An exciting new manuscript by Tauber, Navarro, Perfors, and Steyvers makes a provocative claim: you can give up on the optimal foundations of Bayesian modeling and still make use of the framework as an explicit toolkit for describing cognition.** I really like this idea. For the last several years, I've been arguing for decoupling optimality from the Bayesian project. I even wrote a paper called "throwing out the Bayesian baby with the optimal bathwater" (which was about Bayesian models of baby data, clever right?).
In this post, I want to highlight two things about the TNPS paper, which I generally really liked and enjoyed reading. First, it contains an innovative fusion of Bayesian cognitive modeling and Bayesian data analysis. BDA has been a growing and largely independent strand of the literature; fusing BDA with cognitive models makes a lot of really rich new theoretical development possible. Second, it contains two direct replications that succeed spectacularly, and it does so without making any fuss whatsoever – this is, in my view, what observers of the "replication crisis" should be aspiring to.
1. Bayesian cognitive modeling meets Bayesian data analysis.

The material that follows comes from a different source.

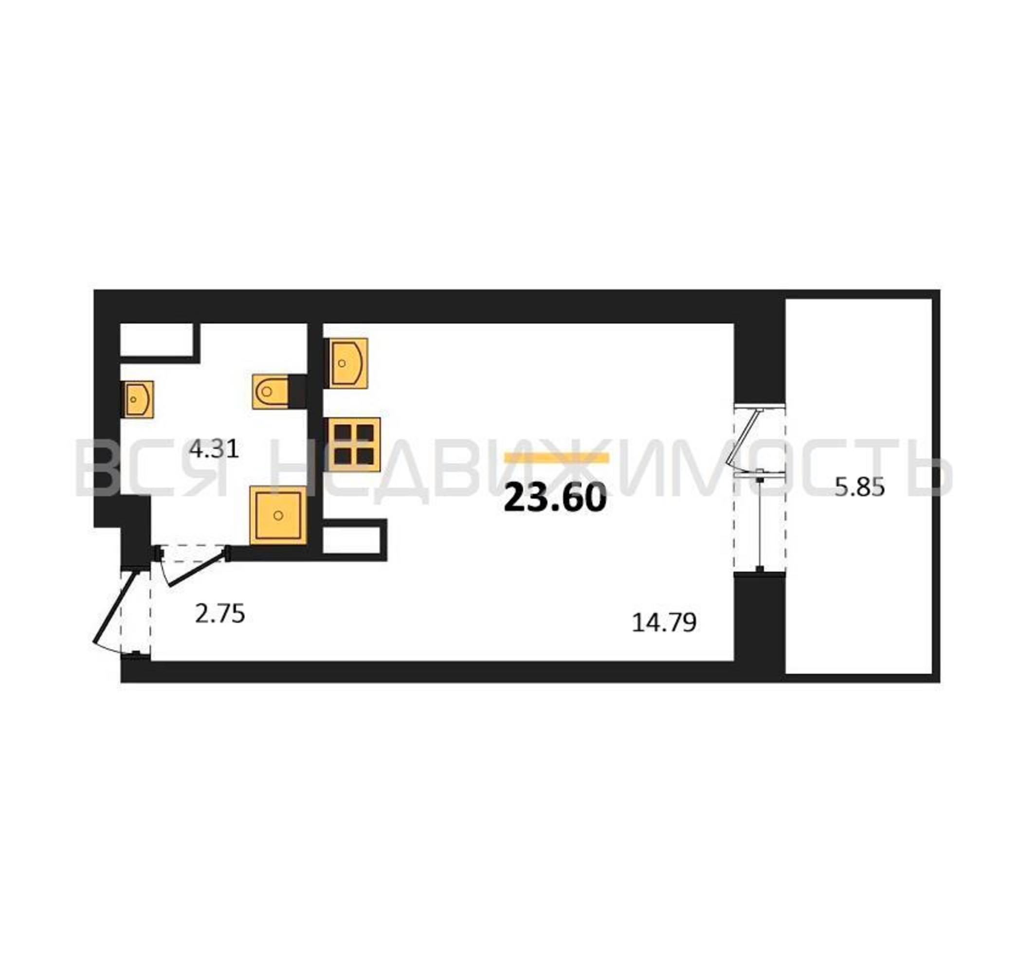 Квартиры-студии, 23.60 м² 9/28 этаж ID объекта 100108418

The meat of the TNPS paper revolves around three case studies in which they use the toolkit of Bayesian data analysis to fit cognitive models to rich experimental datasets. In each case they argue that taking an optimal perspective – in which the structure of the model is argued to be normative relative to some specified task – is overly restrictive. Instead, they specify a more flexible set of models with more parameters. Some settings of these parameters may be "suboptimal" for many tasks but have a better chance of fitting the human data. And the fitted parameters of these models then can reveal aspects of how human learners treat the data – for example, how heavily they weight new observations or what sampling assumptions they make.This fusion of Bayesian cognitive modeling and Bayesian data analysis is really exciting to me because it allows the underlying theory to be much more responsive to the data. I've been doing less cognitive modeling in recent years in part because my experience was that my models weren't as responsive as I liked to the data that I and others collected. I often came to a point where I would have to do something awful to my elegant and simple cognitive model in order to make it fit the human data.
One example of this awfulness comes from a paper I wrote on word segmentation. We found that an optimal model from the computational linguistics literature did a really good job fitting human data - if you assumed that it observed data equivalent to something between a tenth and a hundredth of the data the humans observed. I chalked this problem up to "memory limitations" but didn't have much more to say about it. In fact, nearly all my work on statistical learning has included some kind of memory limitation parameter, more or less – a knob that I'd twiddle to make the model look like the data.***
In their first case study, TNPS estimate the posterior distribution of this "data discounting" parameter as part of their descriptive Bayesian analysis. That may not seem like a big advance from the outside, but in fact it opens the door to putting into place much more psychologically-inspired memory models as part of the analytic framework. (Dan Yurovsky and I played with something a bit like this in a recent paper on cross-situational word learning – where we estimated a power-law memory decay on top of an ideal observer word learning model – but without the clear theoretical grounding that TNPS). I would love to see this kind of work really try to understand what this sort of data discounting means, and how it integrates with our broader understanding of memory.
2. The role of replication.
Something that flies completely under the radar in this paper is how closely TNPS replicate the previous empirical findings reported. Their Figure 1 tells a great story:Panel (a) shows the original data and model fits from Griffiths & Tenenbaum (2007), and panel (b) shows their own data and replicated fits. This is awesome. Sure, the model doesn't perfectly fit the data - and that's TNPS's eventual point (along with a related point about individual variation). But clearly GT measured a true effect, and they measured it with high precision.
The same thing was true of Griffiths & Tenenbaum (2006) – the second case study in TNPS. GT2006 was a study about estimating conditional distributions for different processes, e.g. given that you've lived X years, how likely is it that you live Y. At the risk of belaboring the point, I'll show you three datasets on this question. First from GT2006, second from TNPS, and third a new, unreported dataset from my replication class a couple of years ago.**** The conditions (panels) are plotted in different orders in each plot, but if you take the time to trace one, say lifespans or poems, you will see just how closely these three datasets replicate one another. Not just the shape of the curve but also the precise numerical values:
This result is the ideal outcome to strive for in our responses to the reproducibility crisis. Quantitative theory requires precise measurement - you just can't get anywhere fitting a model to a small number of noisily estimated conditions. So you have to strive to get precise measures – and this leads to a virtuous cycle. Your critics can disagree with your model precisely because they have a wealth of data to fit their more complex models to (that's exactly TNPS's move here).
I think it's no coincidence that quite a few of the first big data, mechanical turk studies I saw were done by computational cognitive scientists. Not only were they technically oriented and happy to port their experiments to the web, they also were motivated by a severe need for more measurement precision. And that kind of precision leads to exactly the kind of reproducibility we're all striving for.
---
* Think Tversky & Kahneman, but there are many many issues with this argument...
** Many thanks to Josh Tenenbaum for telling me about the paper; thanks also to the authors for posting the manuscript.
*** I'm not saying the models were in general overfit to the data – just that they needed some parameter that wasn't directly derived from the optimal task analysis.
**** Replication conducted by Calvin Wang.